Le second point d'alerte concerne les réflexions engagées sur la création d'un service national universel. Souhaité par le Président de la République, redouté par beaucoup en raison des difficultés qu'il présente, le dispositif devrait relever de cette mission. Le rapport du groupe de travail remis au printemps dernier envisage deux phases d'engagement : une première, entre quinze et dix-huit ans, obligatoire d'une durée d'un mois, et une seconde, entre dix-huit et vingt-cinq ans, volontaire, selon des modalités proches du service civique. Cependant, plusieurs questions restent à ce stade sans réponse tangible. Le caractère obligatoire, qui inquiète d'ailleurs de nombreuses associations de jeunesse, nécessite une révision constitutionnelle, afin de permettre à l'État d'imposer une telle obligation en dehors des besoins liés à la défense nationale. Surtout, son coût concentre notre attention : une estimation prudente l'évalue entre 2,1 milliards et 4,3 milliards d'euros en rythme de croisière, soit entre 1 point et 2 points de PIB. À cela s'ajoutent les coûts initiaux liés aux infrastructures, estimés à 1,75 milliard d'euros par le groupe de travail, dont une partie pourrait porter sur les collectivités territoriales.
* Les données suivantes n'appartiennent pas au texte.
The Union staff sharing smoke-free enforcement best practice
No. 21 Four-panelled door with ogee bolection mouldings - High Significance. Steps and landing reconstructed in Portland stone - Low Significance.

Il s'agit donc d'une équation complexe à résoudre ; elle ne doit pas conduire à remettre en cause le succès du service civique, qui, huit ans après sa création, fait aujourd'hui de la France le premier pays en termes de volontariat des jeunes en Europe.
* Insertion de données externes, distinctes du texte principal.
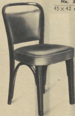
No. 35 □ ~ 21 garni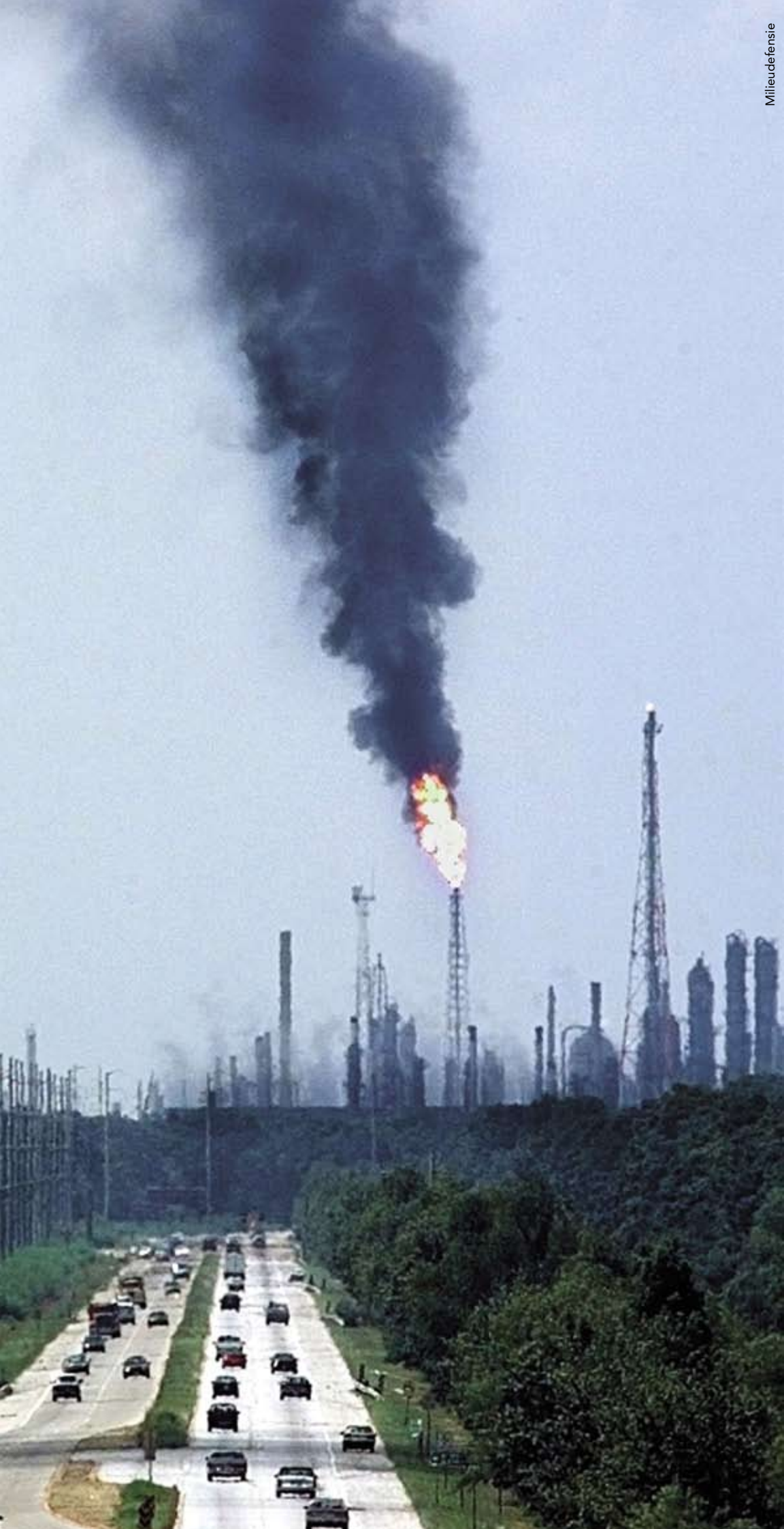
Gas flaring in Norco, Louisiana, USA

Ces deux facteurs pèseront donc sur la soutenabilité de la mission au cours des prochaines années.

Permettez-moi de terminer ma présentation en formulant deux observations.

La première concerne l'évolution de la gouvernance du sport. Annoncée depuis le début de l'année, sa finalisation a toutefois pris du retard. Le projet de loi de finances est donc soumis à notre examen sans que le cadre soit stabilisé. L'objectif est pertinent : créer, sous la forme d'une agence nationale du sport, un groupement d'intérêt public agrégeant le mouvement sportif et ses différents financeurs : l'État, les collectivités territoriales et les acteurs économiques. Cette gouvernance devrait permettre de résoudre en partie le paradoxe selon lequel les collectivités territoriales, soutien essentiel du sport, n'étaient guère représentées dans sa gouvernance.
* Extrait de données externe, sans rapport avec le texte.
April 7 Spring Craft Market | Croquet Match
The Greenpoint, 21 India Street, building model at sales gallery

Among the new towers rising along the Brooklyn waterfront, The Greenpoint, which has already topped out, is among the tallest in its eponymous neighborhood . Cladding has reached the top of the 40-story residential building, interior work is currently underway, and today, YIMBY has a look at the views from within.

Cette évolution appelle toutefois de ma part trois remarques : elle ne doit pas conduire à une attrition progressive du soutien financier de l'État ; elle s'accompagnera d'une actualisation des missions du ministère et de la direction du sport, sans que nous en connaissions les conséquences, notamment en termes humains - je pense en particulier aux conseillers techniques sportifs - ; elle devra conduire à un réexamen des taxes affectées, dont bénéficie actuellement le Centre national pour le développement du sport (CNDS), conformément aux annonces faites par le Premier ministre le 10 septembre dernier, annonces qui n'ont pas été détaillées à ce stade.

La seconde concerne le soutien à la vie associative. L'audition organisée par notre commission il y a quinze jours a mis en lumière les difficultés auxquelles les associations sont confrontées en raison des réformes fiscales mises en oeuvre. D'autres facteurs s'ajoutent comme la forte réduction des contrats aidés ou la suppression de la dotation d'action parlementaire ou « réserve parlementaire ». Les 25 millions d'euros prévus en faveur du Fonds pour le développement de la vie associative l'an dernier à titre de compensation seront maintenus en 2019. Cependant, l'actualisation réglementaire tardive des missions de ce fonds s'est traduite par une coupure dans les ressources des petites associations qui bénéficiaient traditionnellement de ce soutien. Le mouvement associatif attend beaucoup de la concertation engagée par le Gouvernement pour le renouvellement de la vie associative. Il importe de ne pas le décevoir en concrétisant rapidement cette démarche par des actions concrètes.

En conclusion, et sous réserve de l'adoption de l'amendement que je vous ai présenté, je vous propose d'adopter les crédits de la mission « Sport, jeunesse et vie associative ». Nous restons attentifs aux débats qui se déroulent à l'Assemblée nationale.